Key International Actors (see also Ukraine chapter)

From February 24, new international sanctions were imposed by the European Union, the US, the UK, Canada, and other governments against Russian individuals, companies, and other entities.

In October, the UN Human Rights Council adopted a resolution establishing a UN human rights monitoring mechanism on Russia (UN special rapporteur for Russia), for which international and Russian human rights groups had actively advocated.

In July, a group of UN human rights experts condemned Russian authorities’ crackdown on civil society groups, human rights defenders, and media and urged the international community to redouble its efforts to support Russian civil society in the country and in exile.
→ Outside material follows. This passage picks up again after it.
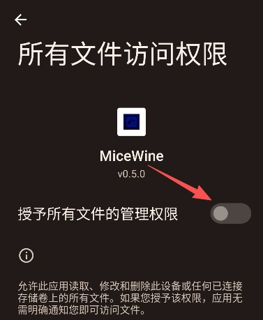 然后在设置页面开启应用的文件访问权限。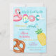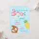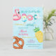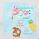 ¡Haz un gran impacto con esta divertida y colorida invitación de cumpleaños para una fiesta de piscina! Con ilustraciones juguetonas como un flotador de flamenco, paleta, flotador de dona, piña, pretzel y pelota de playa contra un vibrante fondo de piscina, este diseño establece el tono perfecto para una celebración de verano. Fuentes en negrita y colores brillantes destacan todos los detalles importantes de la fiesta, lo que facilita compartirlos con los invitados. Ideal para cumpleaños de niños, reuniones de verano o cualquier evento junto a la piscina, esta invitación es festiva y llamativa.

In July, member states of the Organization for Security and Co-Operation in Europe (OSCE) invoked OSCE’s Moscow mechanism to examine serious concerns about Russia’s fulfilment of its human rights commitments. The rapporteur’s report, published in September, found that increasing repression is “forcing non-governmental organisations, anti-corruption activists, journalists …, human rights defenders, lawyers and researchers to reduce or abandon their activities or to leave the country.”

In July, the EU issued a statement on the 10th anniversary of the “foreign agent" law, strongly condemning the government’s systematic attempts to instill fear and crack down on civil society and the democratic opposition.

In April, the United Nations General Assembly suspended Russia from the UN Human Rights Council over reports of "gross and systematic violations and abuses of human rights" in Ukraine. It also passed resolutions condemning Russia’s invasion of and atrocities in Ukraine.

In March the Council of Europe’s Committee of Ministers decided to expel Russia from the organization in connection with the invasion of Ukraine, one day after the Russian government notified the council of its withdrawal.

Several other international bodies and intergovernmental organizations have also suspended Russian membership, or expelled Russia altogether.